Officials pointed to some small changes that could have an outsize impact. The MTA pays $40 million per year to operate a call center that helps people navigate the system. Improving the agency’s app could allow them to reduce that spending, said Richard Davey, president of New York City Transit. 

The agency has also seen fare evasion cost it more than $500 million in lost revenue this year. According to Davey, a pilot program that placed both armed and unarmed guards at the Myrtle-Wyckoff station in Brooklyn improved revenue there — enough to cover the costs of paying for the guards. 

The budget assumes that the system would tamp down on fare evasion, bringing revenue loss from turnstile-hopping back to 2018 levels within four years. 

“Again, not rocket science,” Davey said. “These are not ideas. We are implementing these now, and seeing some positive results.”

The proposed budget would attempt to nearly halve funding gaps in coming years, from approaching $3 billion to $1.6 billion in 2026. 

The agency’s funding woes are driven, officials said, by ridership that remains, on average, between 60% and 70% of pre-pandemic levels. That ridership level tracks the middle projection of ridership recovery proposed by consultants with McKinsey & Company earlier this year. That projection has the system only hitting 80% of pre-pandemic ridership in 2026.

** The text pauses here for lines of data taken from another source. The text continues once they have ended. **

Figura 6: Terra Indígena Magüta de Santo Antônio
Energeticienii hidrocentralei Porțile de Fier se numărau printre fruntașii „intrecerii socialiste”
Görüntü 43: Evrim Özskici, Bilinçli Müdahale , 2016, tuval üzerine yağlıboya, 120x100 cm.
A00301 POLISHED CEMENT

“To put it plainly, our costs exceed our revenue,” said Neal Zuckerman, the chair of the MTA’s finance committee. “We don’t have a lot of addressable levers to fix that problem.”

The budget gaps come as the agency is set to renegotiate its labor contracts, which, its plan noted, could require it to spend hundreds of millions of dollars in the coming years if agreed upon wages rise over 2%. 

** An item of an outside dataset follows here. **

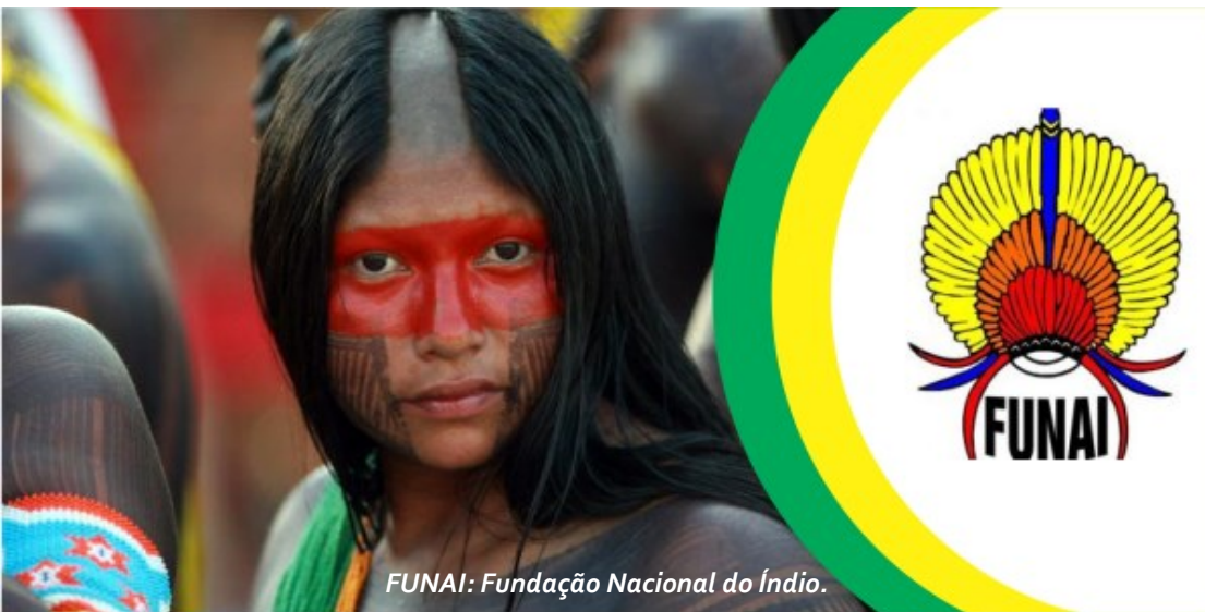
FUNAI: Fundação Nacional do Índio.

Leis já existem. Uma solução para interromper a extinção desses grupos indígenas, é trabalhar a consciência das pessoas, ampliando a fiscalização, fazendo com que as pessoas entendam que o índio é Brasil, é cultura nossa. Sobre tudo, punições severas para aqueles que desmatam indistintamente, destruindo nossa cultura, nossa história e nosso patrimônio.

Vincent Tessitore, Jr., a board member recommended by the United Transportation Union, urged other members to not frame labor costs as a risk factor or liability, so as to not scapegoat MTA workers for complicated financial deficits. 

“We gotta be fair for the workforce,” Tessitore, Jr., said. 

During the board meeting’s public comment section, attendees pushed back on the impending fare evasion, and urged the board to reinstate a mask mandate to combat rising levels of COVID-19 spread. 

Several said they expected ridership to drop following a fare increase. 

“I’m telling this board, you guys want to raise the fare at a time when crime is out of control?” said Charlton D’Souza, the president of Passengers United, an advocacy group. “You’re not gonna get people back. The service is not even worth one dollar.”